Exercise directions – Lower down are entries containing pictures. Copy exactly, without those pictures, the lines from the line with "Senior Hamas leader" through the line with "Massivholz : Es".

Extracted material –
*** Block opens ***

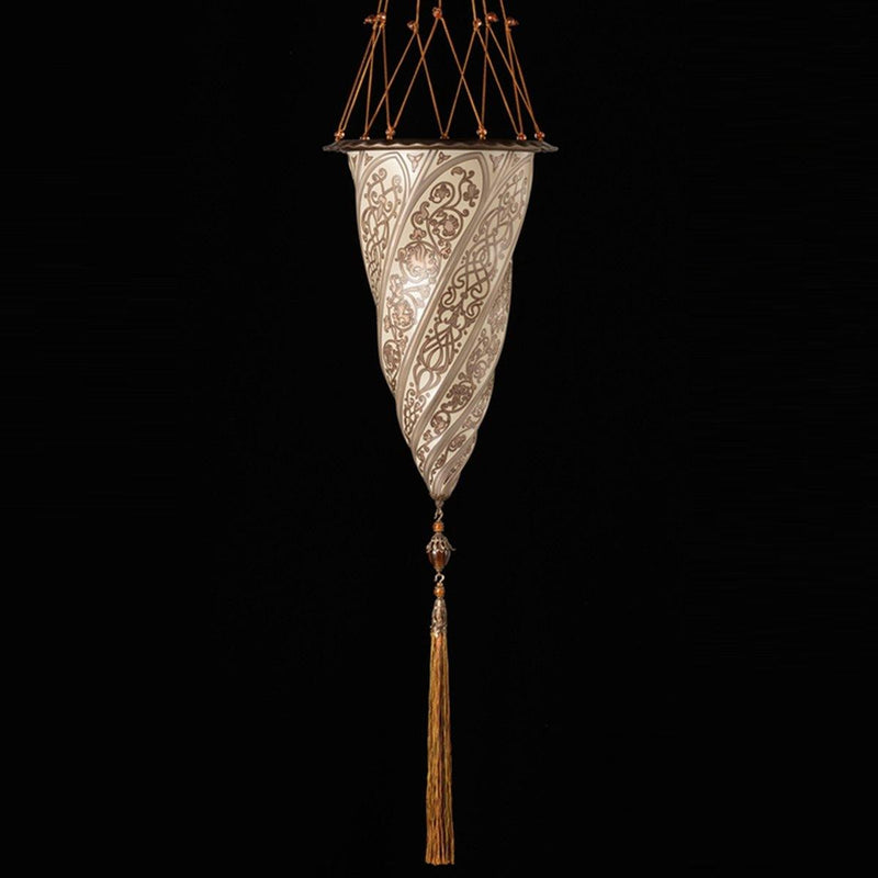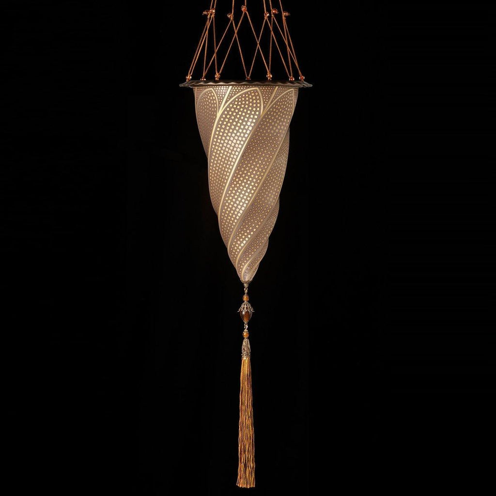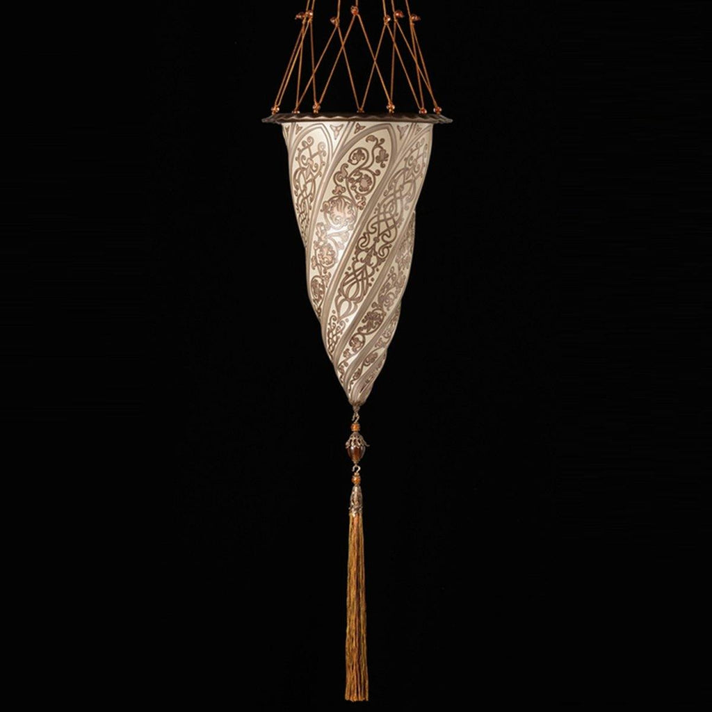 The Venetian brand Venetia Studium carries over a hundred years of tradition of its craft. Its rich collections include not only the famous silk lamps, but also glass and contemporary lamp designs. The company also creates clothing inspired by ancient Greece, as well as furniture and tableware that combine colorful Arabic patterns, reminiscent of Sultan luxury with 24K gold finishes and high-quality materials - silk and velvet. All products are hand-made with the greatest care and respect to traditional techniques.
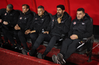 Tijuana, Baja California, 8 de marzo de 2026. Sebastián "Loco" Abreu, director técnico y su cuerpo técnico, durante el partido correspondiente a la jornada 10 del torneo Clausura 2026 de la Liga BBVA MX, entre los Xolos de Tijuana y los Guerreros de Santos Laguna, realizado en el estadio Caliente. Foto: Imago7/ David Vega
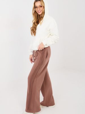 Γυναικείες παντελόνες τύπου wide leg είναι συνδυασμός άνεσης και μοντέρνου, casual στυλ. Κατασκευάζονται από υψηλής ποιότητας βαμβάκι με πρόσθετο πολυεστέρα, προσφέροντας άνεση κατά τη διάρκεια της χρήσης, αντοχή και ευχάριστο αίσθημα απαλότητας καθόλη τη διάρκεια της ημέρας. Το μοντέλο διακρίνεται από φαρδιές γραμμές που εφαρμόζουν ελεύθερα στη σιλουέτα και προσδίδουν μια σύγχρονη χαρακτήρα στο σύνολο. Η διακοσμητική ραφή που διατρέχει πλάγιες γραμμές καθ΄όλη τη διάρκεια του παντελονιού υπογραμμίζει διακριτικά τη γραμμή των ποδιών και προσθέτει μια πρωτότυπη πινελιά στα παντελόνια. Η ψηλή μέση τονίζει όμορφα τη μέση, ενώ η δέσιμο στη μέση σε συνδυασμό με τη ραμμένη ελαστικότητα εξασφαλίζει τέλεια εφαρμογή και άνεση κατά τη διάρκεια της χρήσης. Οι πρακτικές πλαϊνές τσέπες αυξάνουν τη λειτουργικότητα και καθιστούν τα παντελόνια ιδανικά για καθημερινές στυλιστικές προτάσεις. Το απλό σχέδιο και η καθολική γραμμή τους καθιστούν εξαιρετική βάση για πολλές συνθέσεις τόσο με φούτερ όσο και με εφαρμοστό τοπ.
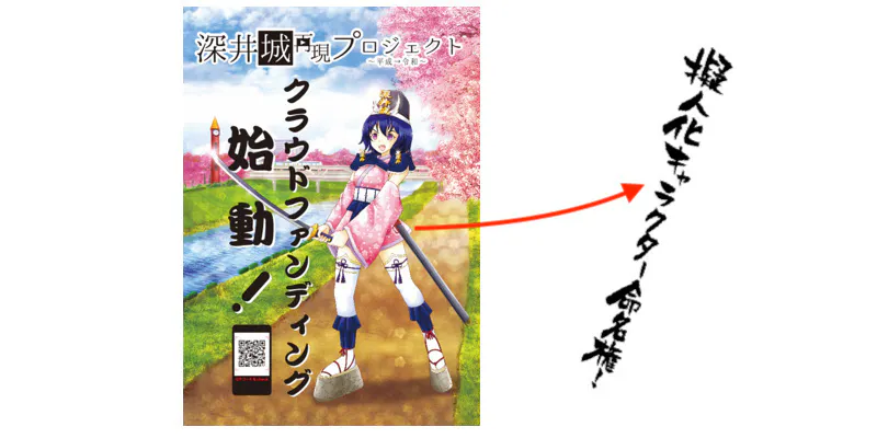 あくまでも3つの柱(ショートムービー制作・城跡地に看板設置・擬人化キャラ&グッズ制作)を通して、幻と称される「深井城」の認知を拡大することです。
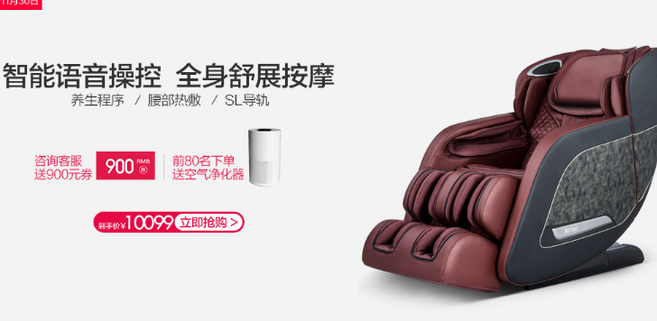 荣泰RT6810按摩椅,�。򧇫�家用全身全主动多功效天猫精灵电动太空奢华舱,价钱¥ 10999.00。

*** Block closes ***
*** Block opens ***

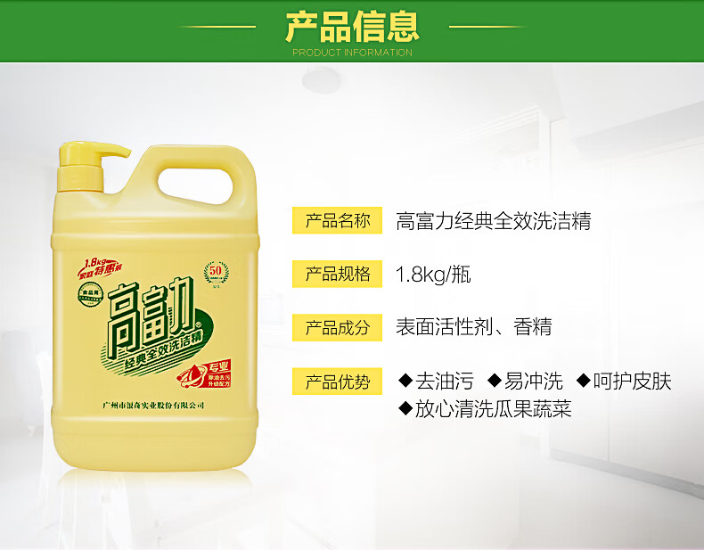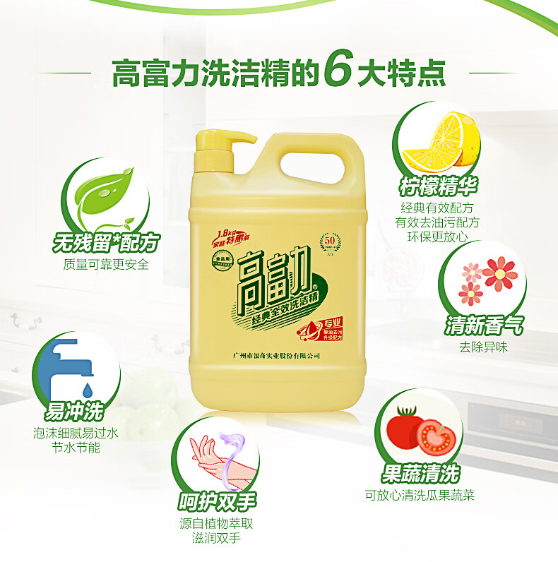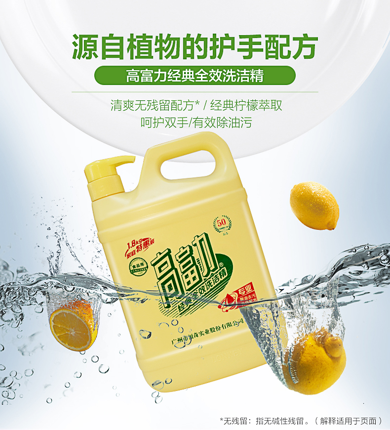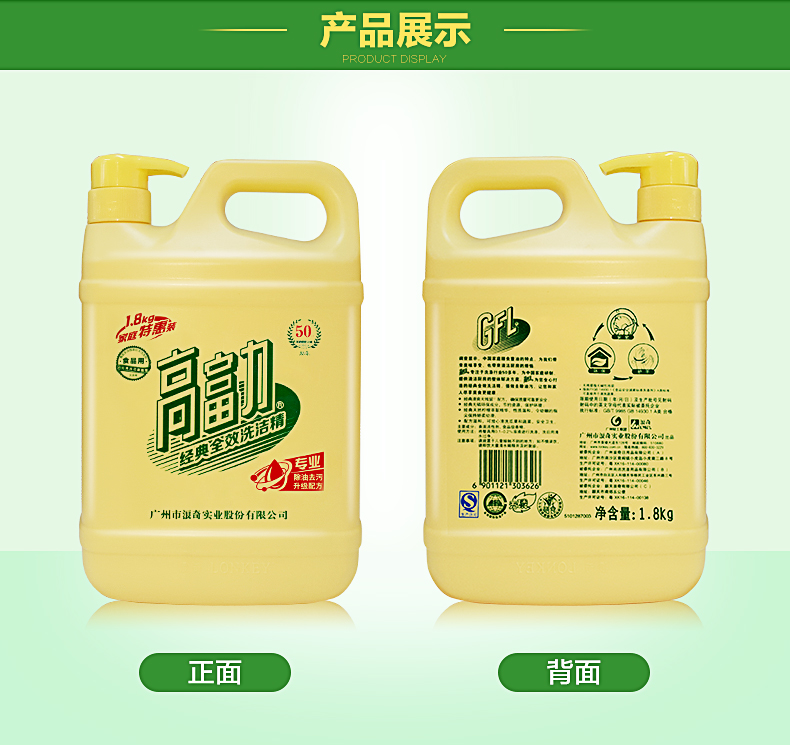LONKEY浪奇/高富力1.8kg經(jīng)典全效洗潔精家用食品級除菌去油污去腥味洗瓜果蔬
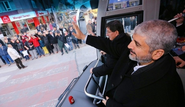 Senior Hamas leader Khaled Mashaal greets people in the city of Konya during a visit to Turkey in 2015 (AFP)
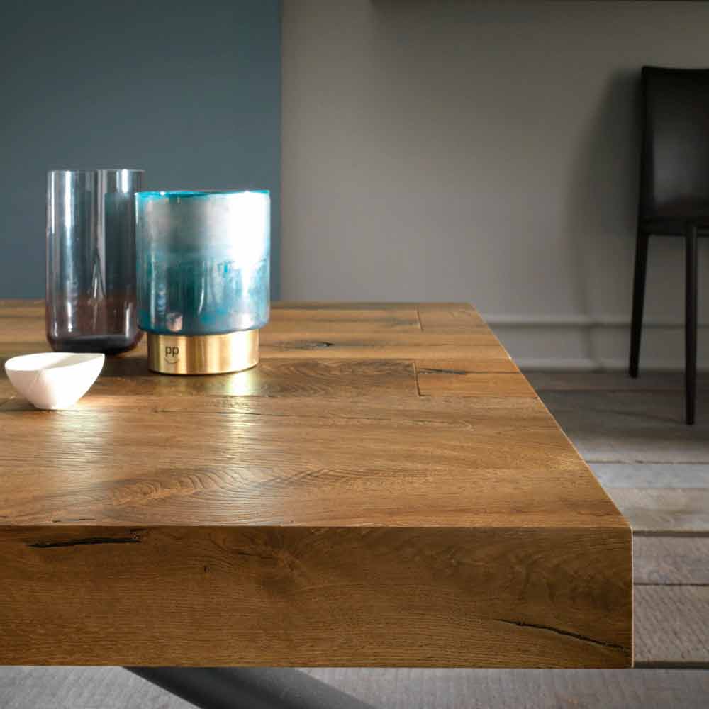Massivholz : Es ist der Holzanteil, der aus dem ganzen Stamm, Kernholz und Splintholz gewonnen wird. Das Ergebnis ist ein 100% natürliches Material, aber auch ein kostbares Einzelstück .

*** Block closes ***

Result of the task –
 Senior Hamas leader Khaled Mashaal greets people in the city of Konya during a visit to Turkey in 2015 (AFP)
Massivholz : Es ist der Holzanteil, der aus dem ganzen Stamm, Kernholz und Splintholz gewonnen wird. Das Ergebnis ist ein 100% natürliches Material, aber auch ein kostbares Einzelstück .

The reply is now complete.